ReFACT: A Benchmark for Scientific Confabulation Detection with Positional Error Annotations

ReFACT (Reddit False And Correct Texts) is a benchmark dataset for evaluating how Large Language Models detect, localize, and correct scientific confabulation.

Overview

Scientific confabulation represents a critical challenge in LLM deployment - the generation of fluent, plausible, and contextually appropriate text that is nonetheless factually incorrect. Unlike obvious factual errors, scientific confabulations are subtle, domain-specific, and often require expert knowledge to detect.
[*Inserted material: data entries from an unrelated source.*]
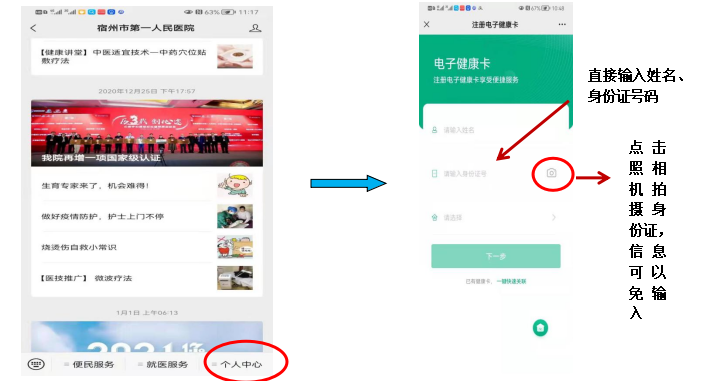 (1)在微信中关注宿州市第一人民医院公众号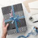 Grått White Black Nyckel Fret Mönster Design Presentpapper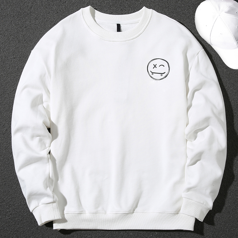 Handsome pure cotton hooded sweatshirt for men, autumn and winter Korean style smiley face letter print loose long-sleeved pullover casual top

The dataset contains 1,001 expert-annotated question-answer pairs spanning diverse scientific domains, enabling fine-grained evaluation of LLMs' factuality capabilities.

Version: v1.0 (September 2025)

Key Features

1,001 expert-annotated samples across 10+ scientific domains
Three evaluation tasks with varying difficulty: Detection, Localization, Correction
Two transformation types: Logical Negation and Entity Replacement
Human-verified quality with multi-annotator consensus
Real-world grounding from r/AskScience community content

Benchmark Results

Even state-of-the-art models struggle significantly with scientific confabulation:

Model	Ind Judgment	Comp Judgment	Neg Local	Ent Local	Ent Correct	Avg Acc
GPT-4o	0.67/0.67	0.60/0.53	0.66/0.57	0.47/0.38	0.28	0.54
Gemma-3-27B	0.71/0.72	0.56/0.54	0.61/0.46	0.46/0.29	0.24	0.52
Llama-3.3-70B	0.67/0.73	0.50/0.39	0.69/0.61	0.13/0.24	0.16	0.43

*Ind Judgment: Independent Detection (Accuracy/F1), Comp Judgment: Comparative Detection (Accuracy/F1), Neg Local: Negation Localization (Accuracy/IoU), Ent Local: Entity Localization (Accuracy/IoU), Ent Correct: Entity Correction (Exact Match), Avg Acc: Average Accuracy across tasks.

Key Findings:

Comparative judgment collapses to near-random performance (48-60%): While models achieve moderate accuracy when judging answers independently (49-71%), they fail to reliably distinguish between factual and confabulated versions when directly compared. This challenges the reliability of LLM-as-Judge paradigms for tasks requiring nuanced factual discrimination.
Domain-specific substitutions are substantially harder to detect than logical negations: Even the best-performing model (GPT-4o) achieves only 47% accuracy on entity localization versus 66% on negation localization. Models struggle to identify subtle terminological errors like "DNA"→"RNA" that require domain expertise in scientific contexts.
Correction remains largely unsolved (0-28% accuracy): Even when error locations are explicitly provided, models cannot reliably generate factual corrections, demonstrating that error detection does not imply understanding.

Quick Start

Option 1: Load from HuggingFace 🤗 (Recommended)

pip install datasets

from datasets import load_dataset

# Load multi-error version (used for LLM experiments in the paper)
dataset = load_dataset('ddz5431/refact')

# Load single-error version (broader granularity for development)
dataset_single = load_dataset('ddz5431/refact', 'single_error')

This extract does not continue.